## Activity
What you output must be the exact lines from the first line of the data through the one holding "Snoopy summer, Easter", with no pictures.

## Recorded data
== Segment start ==
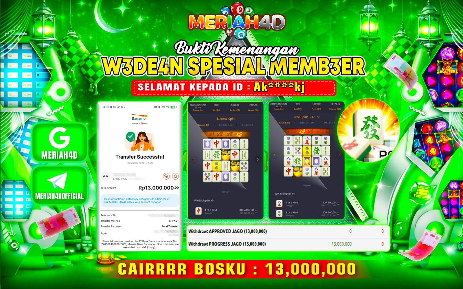 Selamat Kepada ID : AKE****KJ Atas Withdraw Rp. 13.000.000 Juta Hari ini. Ditunggu Withdraw Selanjutnya dan ajak juga teman temannya bergabung di Meriah4d
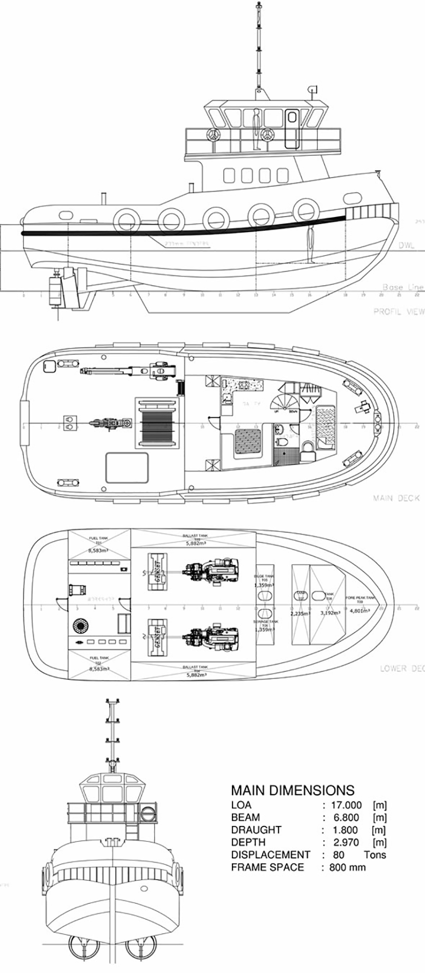 總長: 17m 航速: 11kn
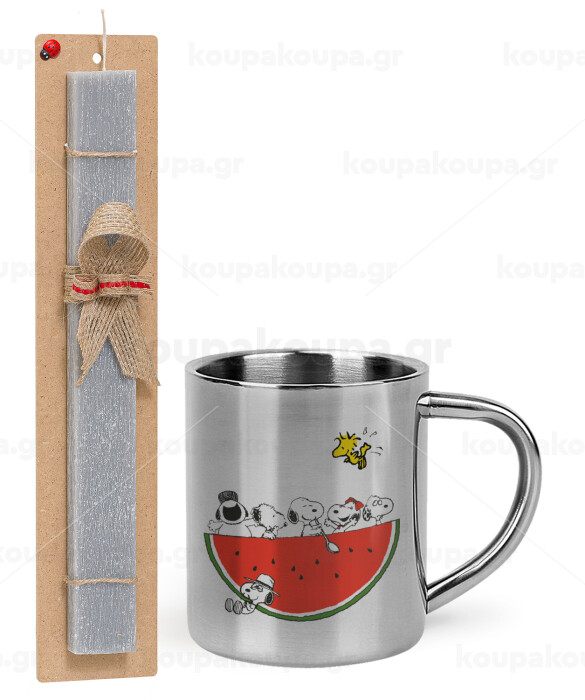 Snoopy summer, Easter Set, metallic thermal cup (300ml) & Easter aromatic flat candle (30cm) (GRAY)
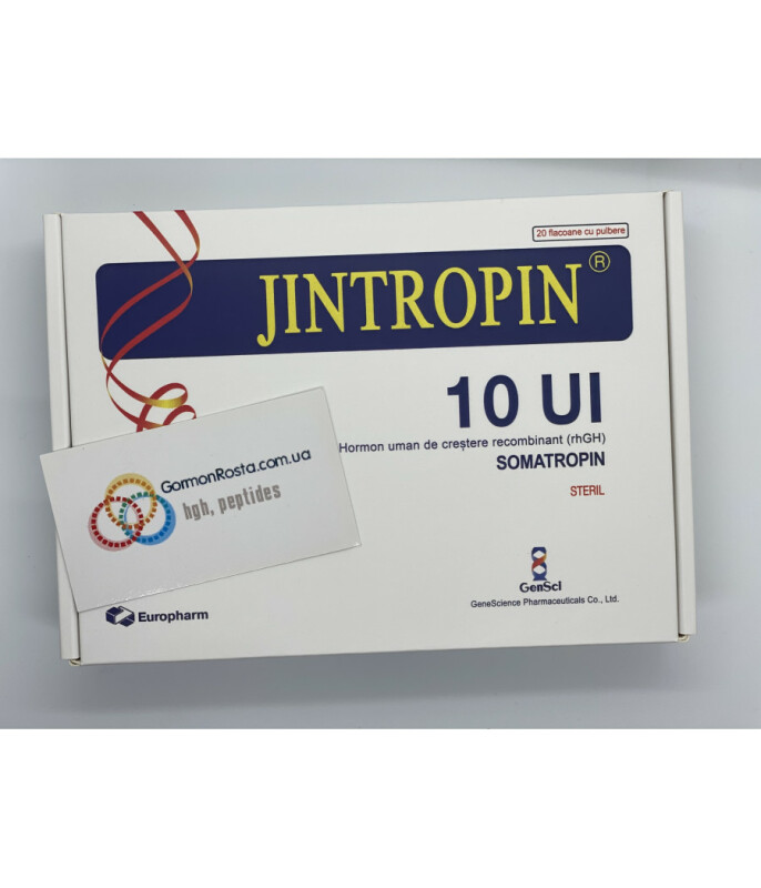Jintropin Europharm (Джинтропин Еврофарм) купить в Украине!Препарат Jintropin Europharm (Джинтропин Еврофарм) – это рекомбинантный человеческий гормон роста (соматропин), выпускаемый в виде порошка для инъекций. Он благотворно воздействует на организм человека, а потому нашел широкое применение не только в медицине, но и в спорте, особенно среди бодибилдеров. Купить Jintropin Europharm (Джинтропин Еврофарм) в дозировке 20 фл х 10 ME по отличной цене можно в нашем интернет-магазине. Реализуем только оригинальные препараты, обладающие высоким качеством и эффективностью.Спектр действий препарата Jintropin EuropharmПри приеме гормона роста Jintropin Europharm (Джинтропин Еврофарм) наблюдаются такие эффекты: Стимуляция роста мышечной и костной ткани. Джинтропин способствует активации синтеза белка в мышцах, а также стимулирует появление новых мышечных клеток, что ведет к повышению выносливости и силы. Замедление липогенеза и ускорение сжигания жира. Прием этого препарата позволяет ускорить метаболизм. В комплексе с другими жиросжигающими средствами и диетическим питанием наблюдается синергетический эффект. Улучшение состояния суставов и связок. Это происходит за счет способности Jintropin усиливать синтез коллагена. Особенно рекомендуется препарат при длительных силовых нагрузках, а также в период реабилитации после травм. Активизация регенеративных способностей организма. Многие спортсмены отмечали улучшение состояния ногтей, волос и кожи, а также укрепление иммунитета. Улучшение памяти. Гормон роста Джинтропин улучшает работу головного мозга и повышает интеллектуальные способности.Советы по применениюJintropin Europharm (Джинтропин Еврофарм) вводится в организм при помощи подкожных инъекций (как правило, при помощи инсулинового шприца). Место введения – любое, но чаще это область живота.Что касается дозировки, ее определяет только врач или тренер. Для достижения минимального анаболического эффекта начальная суточная доза не должна превышать 5 МЕ (половину флакона), в дальнейшем она может быть увеличена. Рекомендуется разделять дозу на два приема: утренний и вечерний. Продолжительность курса составляет от 3 до 6 месяцев.Как оформить заказЧтобы приобрести гормон роста Jintropin Europharm (Джинтропин Еврофарм) на нашем сайте, просто добавьте товар в «Корзину» и укажите свои контактные данные. Пересылка продукции оперативно осуществляется по всей территории Украины. Подробная информация о способах оплаты и доставки указана в отдельном разделе сайта.Также советуем прочесть следующие статьи :Как использовать гормон роста, пояснение "на пальцах"Инсулин - раскладываем по полочкам.Гормон роста для лечения суставов, связок и межпозвоночных грыж.Применение гормона роста в косметологии и медицине.Гормон роста, инсулин, Т4 и Т3
== Segment end ==
## Written answer
 Selamat Kepada ID : AKE****KJ Atas Withdraw Rp. 13.000.000 Juta Hari ini. Ditunggu Withdraw Selanjutnya dan ajak juga teman temannya bergabung di Meriah4d
 總長: 17m 航速: 11kn
 Snoopy summer, Easter Set, metallic thermal cup (300ml) & Easter aromatic flat candle (30cm) (GRAY)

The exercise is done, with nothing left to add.